Marmara Denizi´nin yüzeyinde sarı-kahverengi renklerde görülen yapışkan kümeler müsilaj olarak adlandırılırken balıkçıların ağlarını kaplayacak kadar yoğunlaşabiliyor. Balıkçıların salya ya da köpük dediği müsilaj, mikroskobik deniz alg (bitkilerine) türlerinin aşırı artışıyla başlıyor. Biyolojik ve kimyasal koşullarla doğal oluşan müsilaj bitkisel canlıların aşırı çoğalması ve deniz sıcaklığının yükselmesiyle oluşuyor. Rüzgarsız ve sakin denizlerde kendini daha çok gösteren müsilaj, doğal olmasına rağmen aşırı çoğalınca ekosisteme zarar verebiliyor. Balıkçıların ağlarını kaplayan müsilaj, Marmara Denizi´nde dalış yapan balık adamların kameralarına yansıyacak şekilde çoğaldı.
Müsilaja yol açan fitoplanktonun ekosistemin devamı için çok önemli olan fotosentez olayının bir parçası olduğunu ama bu denli çoğalmasının sorun oluşturduğunu düşünmekteyiz. “Ölüp parçalanma sürecinde meydana gelen bakteriyel faaliyetle müsilajlı yığınlar oluşuyor. Kıyı alanlarında artan insan faaliyetleriyle evsel ve endüstriyel atıklar denizlere ulaşarak müsilajın etkisini arttırıyor”
Balık sezonunun erken kapanmasına nedeni müsilaj yoğunluğu, Marmara Denizi´nin en büyük tehdidi oldu. Marmara´nın her yerinde yüzeyden görülebilen müsilaj, dalgıçların indikleri derinliklerde bile yoğun yapısıyla canlı yaşamına zarar veriyor. karasal ve su da ekosistem bozulmasıyla artan çevre sorununun ekonomik kayıplara neden olabileceğini ve insansal etkilerin müsilajı arttırdığını düşünüyorum. Adalar etrafında dalış yapan Dalgıçlar ise derinliklerde bile yoğunlaşan maddelerin dalış turizmini olumsuz etkilediğini söyledi. müsilaj kirliliğinin canlı yaşamını tehdit ettiğini gözlemledi.
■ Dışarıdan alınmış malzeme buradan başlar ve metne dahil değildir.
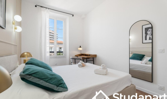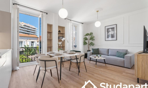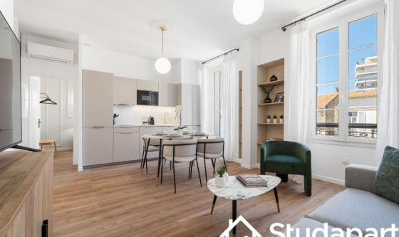 Cet appartement charmant, entièrement refait à neuf par un architecte d'intérieur, est situé au premier étage d'un immeuble sans ascenseur et peut accueillir jusqu'à 4 personnes, offrant un cadre paisible avec vue sur cour. Avec une surface de 53 m², ce logement se compose de : - un espace de vie baigné de lumière avec salon et salle à manger, -une cuisine parfaitement équipée (machine à café, bouilloire, four micro-ondes, plaques de cuisson, lave-vaisselle, réfrigérateur, congélateur), - une chambre avec un lit de 160 × 200 cm, - une deuxième chambre avec un lit de 160 × 200 cm, - une salle de bain avec douche et WC, - bureau de travail, - aspirateur, lave-linge, sèche-cheveux, fer, cintres, détecteur de fumée, - TV, Wifi, air conditionné, radiateurs. Le logement ne dispose pas d'une place de parking privé mais de nombreuses places de stationnement gratuites sont disponibles à proximité. Des frais de gestion d'un montant de 689€ seront facturés pour les locations en moyenne durée. Ces frais comprennent l'état des lieux d'entrée et de sortie ainsi que les frais de ménage. Situé au cœur de Cannes, cet appartement est à seulement 15 minutes à pied de la gare et de la plage, et à 18 minutes à pied du Palais des Festivals. À proximité, découvrez des adresses de choix telles que Café Hoche, La Palme d'Or, Mr. Nakamoto, et le Copenhagen Coffee Lab pour une expérience gastronomique exceptionnelle. Explorez également des sites culturels comme la Villa Montrose et le Musée des Explorations du Monde. En train : Gare de Cannes → accessible à pied en 15min En bus : Lignes de bus locales disponibles → à 1min à pied pour rejoindre le centre-ville et les alentours En avion : Aéroport Nice Côte d'Azur → 30min en voiture À votre arrivée, vous serez accueillis par un concierge Welkeys qui sera chargé de vous remettre les clefs. Nous serons disponibles pendant toute la durée de votre séjour, n'hésitez pas à nous contacter si besoin. Updated on 23/10/2025 Mise à jour le 23/10/2025

“Dipte birikerek ekolojik tahribata neden olabilir”
“Bu canlılar karbondioksit ve bazı besinleri ışık enerjisiyle şeker gibi organik moleküllere çevirir. Bazı türler, uygun şartları bulduğunda aşırı artarak baskın olur. Kıyısal alanlardaki yüzeyde ve su kolonunda yoğunlaşan fitoplankton bulanıklık yaratır, görüş mesafesini azaltır, güneş ışığının dibe ulaşmasını engeller. Fotosentez, dünyadaki en önemli reaksiyondur fakat böylece dipte fotosentez kısıtlanır. Kısa ömürlü bu canlılar öldüklerinde fotosentezle salgıladıkları organik maddeleri suya bırakır ve bakteriyel faaliyetle birlikte ayrışarak müsilaj oluşur. Bu yapıya diğer canlı ve cansız maddeler (partiküller, zooplankton, deniz anaları, insansal çöpler) katılırsa yapışkan kütleler oluşur. Meteorolojik şartların etkisiyle çok geniş alanlara yayılabilir ve uzun süreli gözlenebilir. Böylece deniz ekosistemi oksijen yokluğuna ya da toksik alg artışlarına sürüklenebilir. Görsel kirliliğin yanında balıkçılık ve turizmi olumsuz etkiler, ekonomik kayıplara neden olabilir. Parçalanma, çürüme esnasında sudaki oksijeni kullanarak çözünmüş oksijen miktarında azalmaya sebep olur. Su kolonunda ve dipte birikmeleriyle diğer canlıların yaşama, beslenme ve yumurtlama alanlarını örterek habitat kaybı ya da ekolojik tahribatlara sebep olur”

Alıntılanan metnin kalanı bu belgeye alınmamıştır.